There are lots of reasons why an expectant mum might be anxious. Worries about labour, the health of your baby and (if it’s your first child) the prospect of being a parent can all creep into your head, just when you should be drifting off to sleep.

How to improve sleep during pregnancy

Now that we’ve seen what can keep you from a good night’s rest, we can look at ways in which you can tackle these problems and make sure you get all the sleep you need. Here are a few strategies you can try:

Have a routine

Whenever possible, you should aim to go to bed and get up at roughly the same time each day. This allows your body to get into a consistent circadian rhythm, so you’re naturally ready for sleep at night time.

Get comfortable

It might take a bit of trial and error, but finding the sleeping position that’s most comfortable for you is essential to getting enough sleep. There are pregnancy pillows available that will provide support and comfort that’s specific to your needs.
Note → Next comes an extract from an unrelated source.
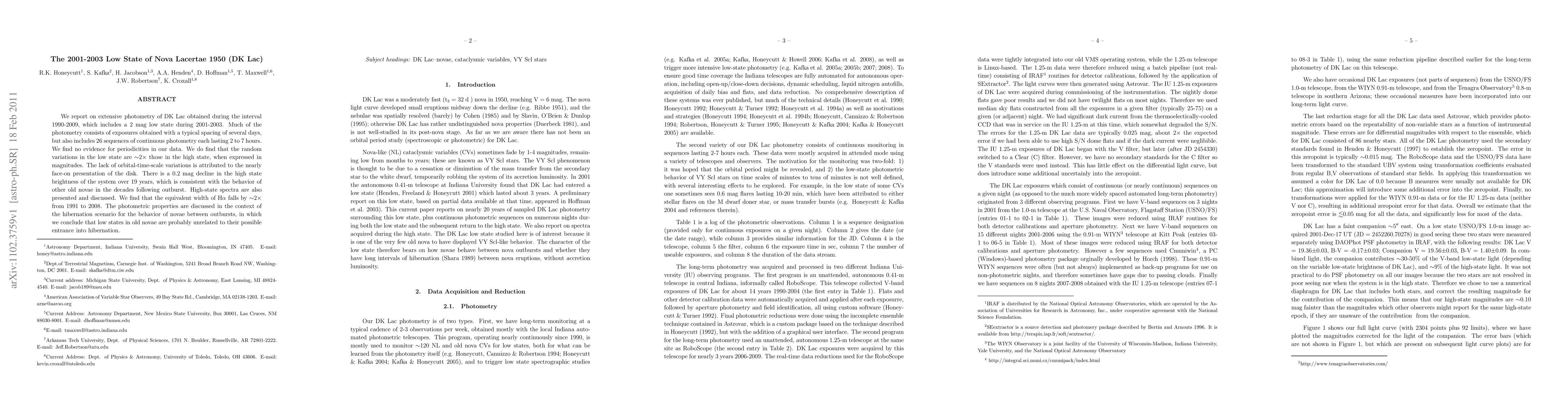 We report on extensive photometry of DK Lac obtained during the interval 1990-2009, which includes a 2 mag low state during 2001-2003. Much of the photometry consists of exposures obtained with a typical spacing of several days, but also includes 26 sequences of continuous photometry each lasting 2 to 7 hours. We find no evidence for periodicities in our data. We do find that the random variations in the low state are ~2x those in the high state, when expressed in magnitudes. The lack of orbital-time-scale variations is attributed to the nearly face-on presentation of the disk. There is a 0.2 mag decline in the high state brightness of the system over 19 years, which is consistent with the behavior of other old novae in the decades following outburst. High-state spectra are also presented and discussed. We find that the equivalent width of H$\alpha$ falls by ~2x from 1991 to 2008. The photometric properties are discussed in the context of the hibernation scenario for the behavior of novae between outbursts, in which we conclude that low states in old novae are probably unrelated to their possible entrance into hibernation.

Create the perfect sleep environment

If you’re bothered by light or noise, get an eye mask and some ear plugs so that you get the peace and quiet you need. Set the thermostat to a temperature that you’re comfortable sleeping in and make sure your mattress and pillows are comfy enough.

Take a warm bath

This is a great way to soothe your muscles and relax your mind. Don’t have the water too hot though, as this can have a negative effect on your baby. Keep it below 38C.
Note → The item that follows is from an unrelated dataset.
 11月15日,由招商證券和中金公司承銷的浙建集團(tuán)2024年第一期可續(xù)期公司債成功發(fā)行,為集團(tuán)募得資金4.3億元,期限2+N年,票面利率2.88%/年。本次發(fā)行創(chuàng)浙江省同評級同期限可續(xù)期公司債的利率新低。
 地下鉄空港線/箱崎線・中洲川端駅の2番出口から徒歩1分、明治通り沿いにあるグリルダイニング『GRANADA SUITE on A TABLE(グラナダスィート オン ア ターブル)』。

Don’t drink too much water too close to bedtime

While you don’t want to go to bed thirsty, taking on too much water right before you head to bed is only going to have one result. If you want to lower your chances of having to get up in the night for a pee, start moderating your water intake as the evening goes on.

Get regular exercise

Exercise is a good way to use up energy and make sure you’re ready for bed by the end of the day, however the issue of exercise during pregnancy is a complex one.
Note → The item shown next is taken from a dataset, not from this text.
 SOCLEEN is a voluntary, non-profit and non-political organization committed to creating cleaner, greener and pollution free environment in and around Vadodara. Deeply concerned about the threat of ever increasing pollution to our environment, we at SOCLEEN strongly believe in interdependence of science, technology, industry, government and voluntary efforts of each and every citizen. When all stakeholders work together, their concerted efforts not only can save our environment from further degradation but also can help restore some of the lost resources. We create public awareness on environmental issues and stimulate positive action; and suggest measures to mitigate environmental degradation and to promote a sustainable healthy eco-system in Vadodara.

How much can you do without harming yourself or your baby? What’s the best exercise for pregnant women? Our doctors have answered all these questions and more here.

Don’t toss and turn

If you can’t sleep, get up and read in another room for a while, until you start to feel drowsy. Lying awake and staring at the ceiling will just make you more anxious about not being able to drop off.

Don’t nap for too long

If you feel sleepy during the day, it’s fine to take a little nap. However, try not to let them go on too long, as this will mean you won’t be sleepy later.

How can our doctors help?

If self-care doesn’t get rid of your insomnia, our doctors can recommend effective treatment options. Often, these will be aimed at treating the underlying cause of your insomnia. Sleeping tablets are usually only prescribed as a last resort, or a short term solution until proper treatment can begin.

As an example, if anxiety about your pregnancy is stopping you from sleeping, our doctors can refer you to a mental health specialist for cognitive behavioural therapy (CBT). Here, you’ll learn how to manage your feelings and stop them getting in the way of your sleep.

You can book an appointment 7 days a week and see a doctor online from the comfort of your own home.

Can insomnia in pregnancy harm your baby?

While not being able to sleep can be very frustrating for you, insomnia itself won’t harm your baby.

However, the effects of insomnia can make it difficult for you to concentrate and stay alert during the day, which increases your risk of accidents, such as a fall. This sort of accident could pose a risk to your baby’s health, so it’s important to deal with insomnia as soon as you notice the symptoms.

Will sleeping tablets work?

While it may be tempting to try an over-the-counter solution to your insomnia, this is a poor substitute for seeing a doctor. You have to be sure the pharmacist is aware you are pregnant as some medications may not be advised in pregnancy.

Sleeping pills won’t fix your insomnia in the long term.

They are rarely used in pregnancy but clinicians have to weigh up the benefits against the risks.

In fact, they may have side effects that could make you feel even worse. Even if it feels like they’re working, all they’ll do is mask the real underlying cause of your sleeplessness, leaving it untreated and potentially getting worse.

Don’t forget that it’s also always a good idea to speak to a doctor before taking any new medication while you’re pregnant.